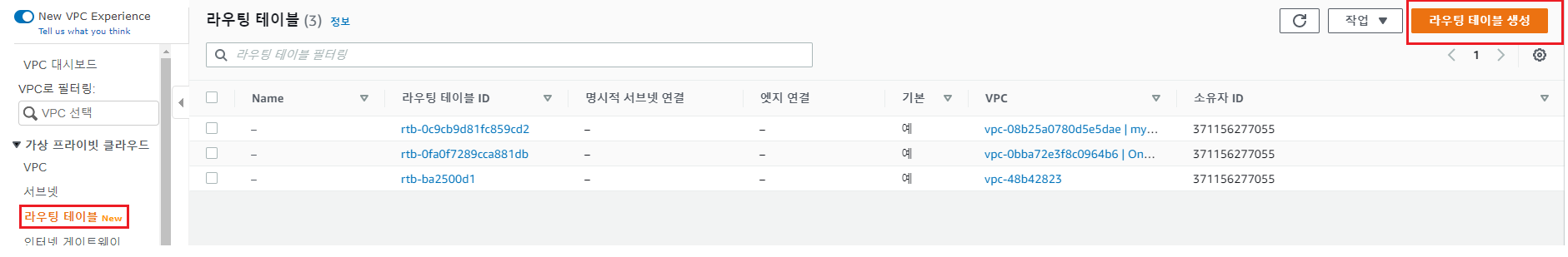 - [라우팅 테이블 생성] 탭을 클릭한다.
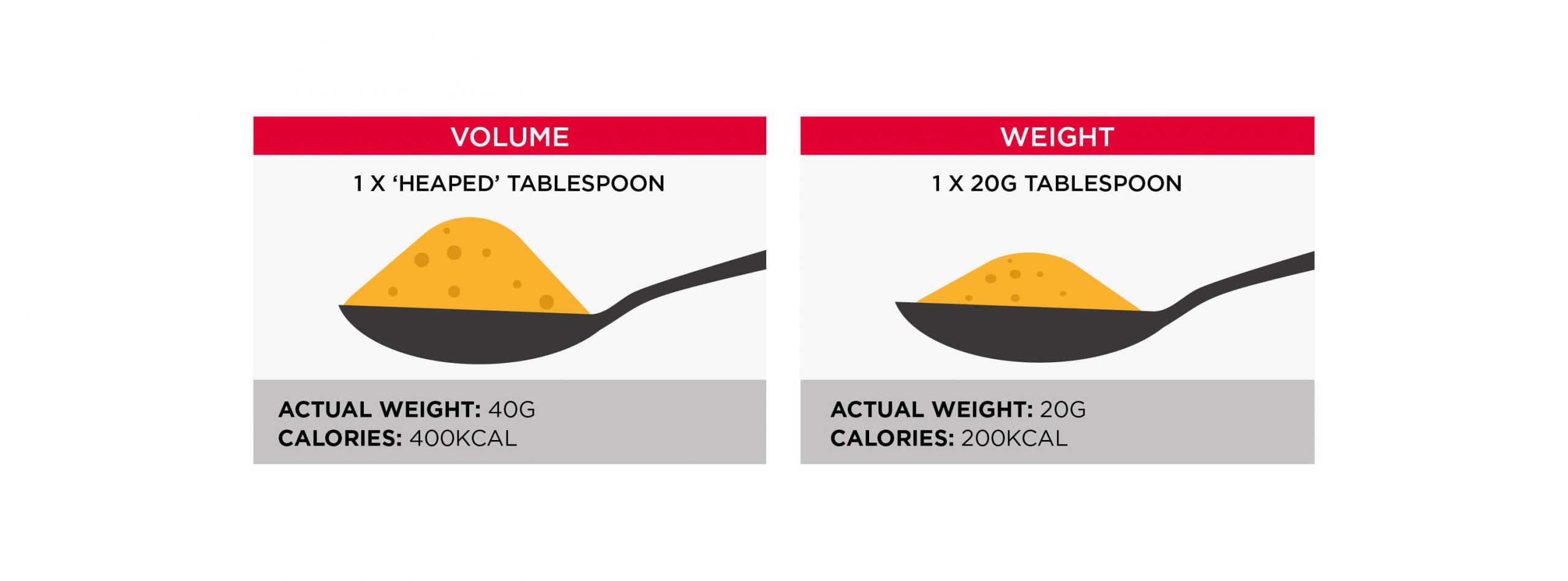 Most nutrition labels list serving sizes in terms of a standardised unit of volume, e.g., a cup or tablespoon, followed by the weight in grams. We recommend weighing your food wherever possible, as the volume-based method of measuring serving sizes can be very inconsistent.
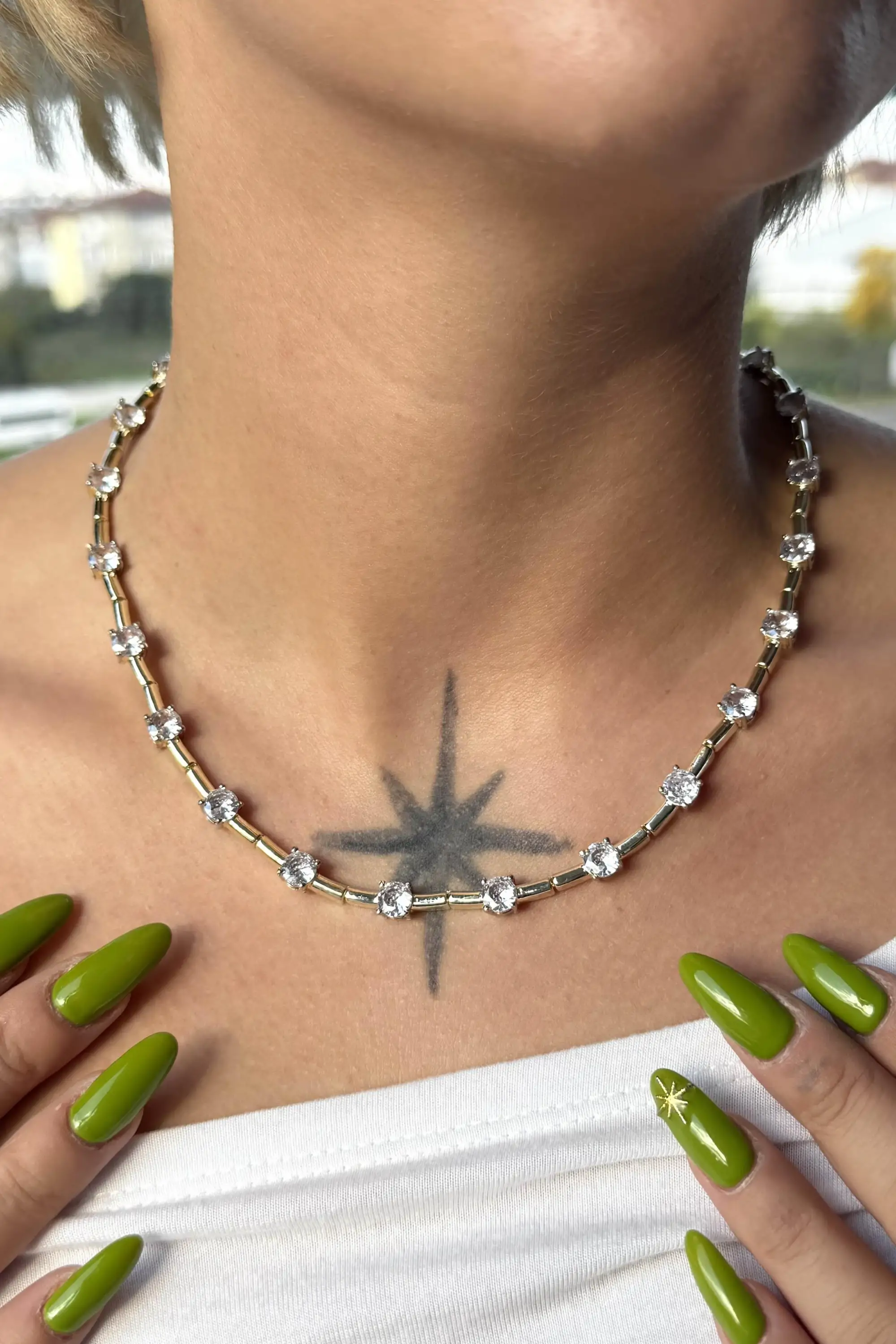 Gümüş Renk Taş Detaylı 14K Altın Kaplama VİP Kolye
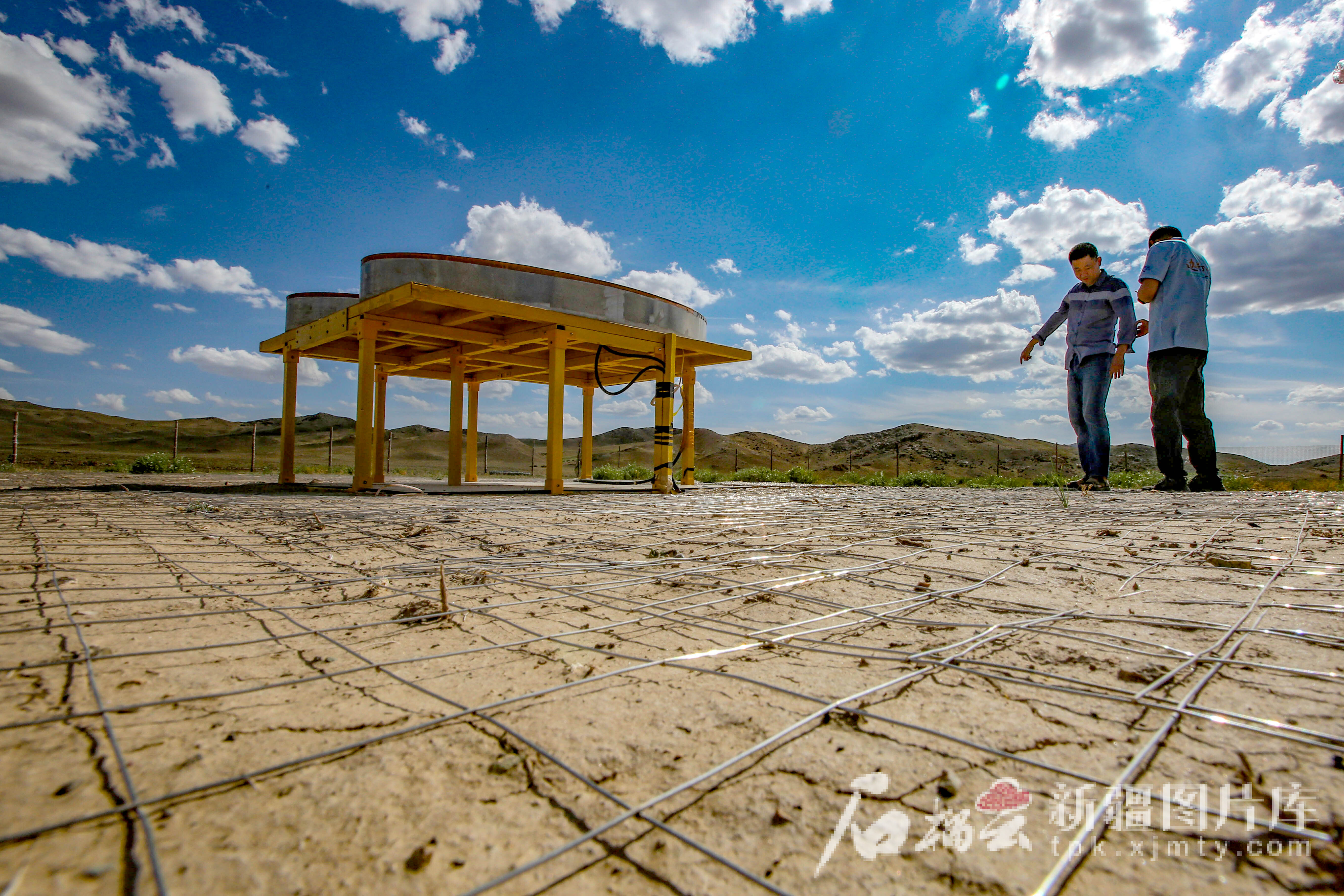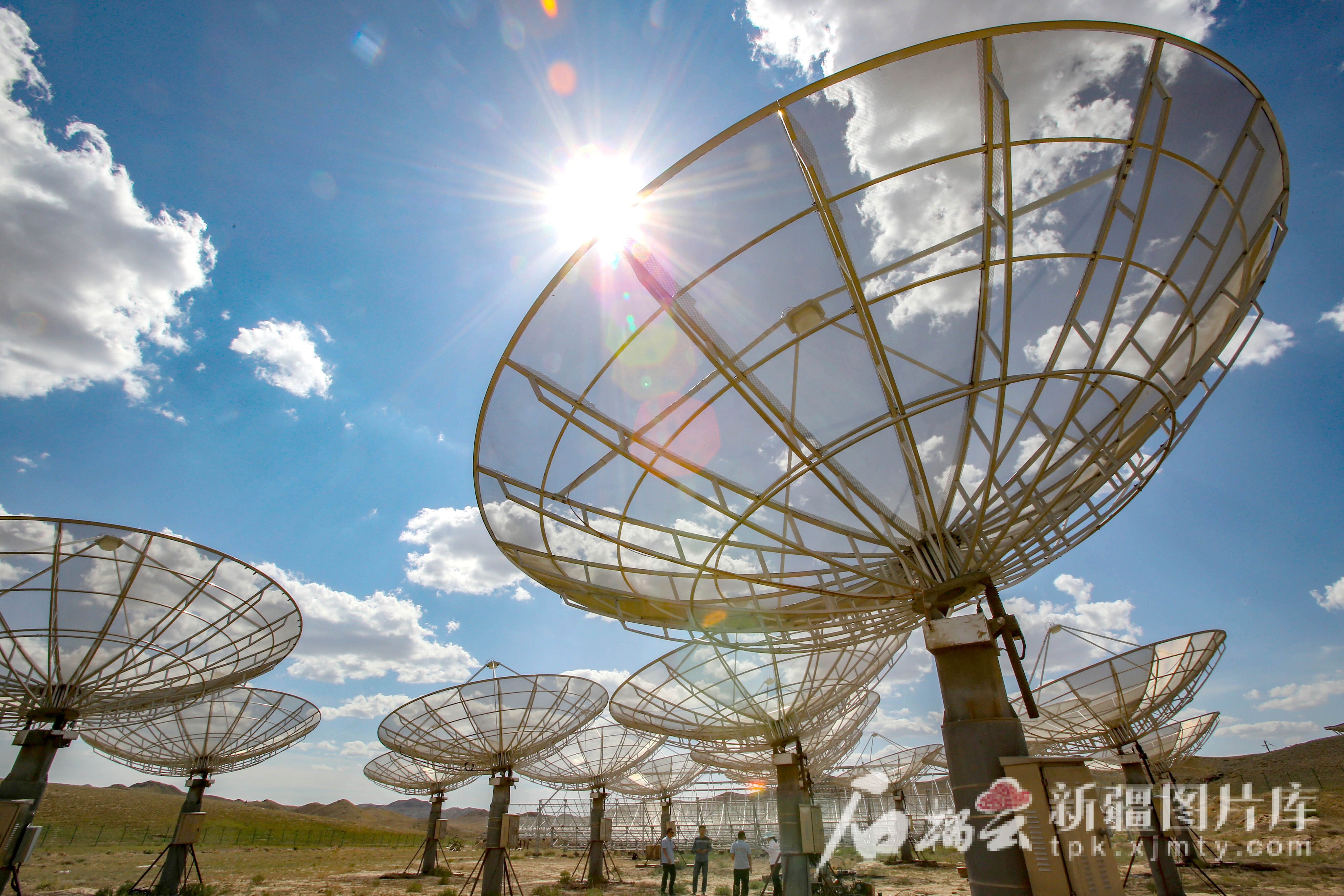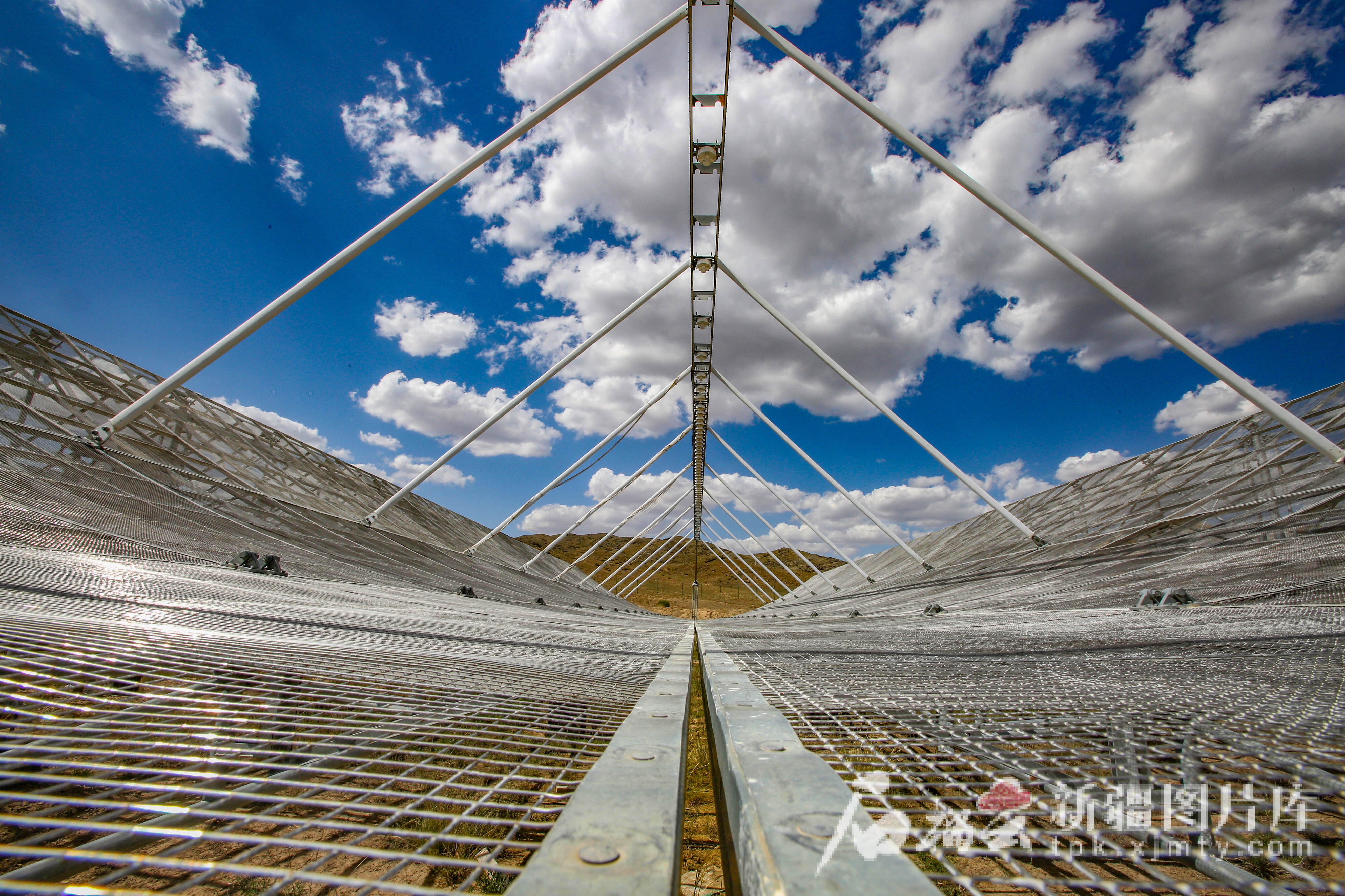 7月7日,在哈密市巴里坤哈薩克自治縣大紅柳峽鄉(xiāng)拍攝的國家天文臺(tái)紅柳峽觀測站天籟射電望遠(yuǎn)鏡柱形天線。

※ ※ ※

**What is expected**
If a picture falls within the lines from the one containing "Most nutrition labels" through the end of the material, leave it out while repeating those lines exactly.

**Response**
 Most nutrition labels list serving sizes in terms of a standardised unit of volume, e.g., a cup or tablespoon, followed by the weight in grams. We recommend weighing your food wherever possible, as the volume-based method of measuring serving sizes can be very inconsistent.
 Gümüş Renk Taş Detaylı 14K Altın Kaplama VİP Kolye
 7月7日,在哈密市巴里坤哈薩克自治縣大紅柳峽鄉(xiāng)拍攝的國家天文臺(tái)紅柳峽觀測站天籟射電望遠(yuǎn)鏡柱形天線。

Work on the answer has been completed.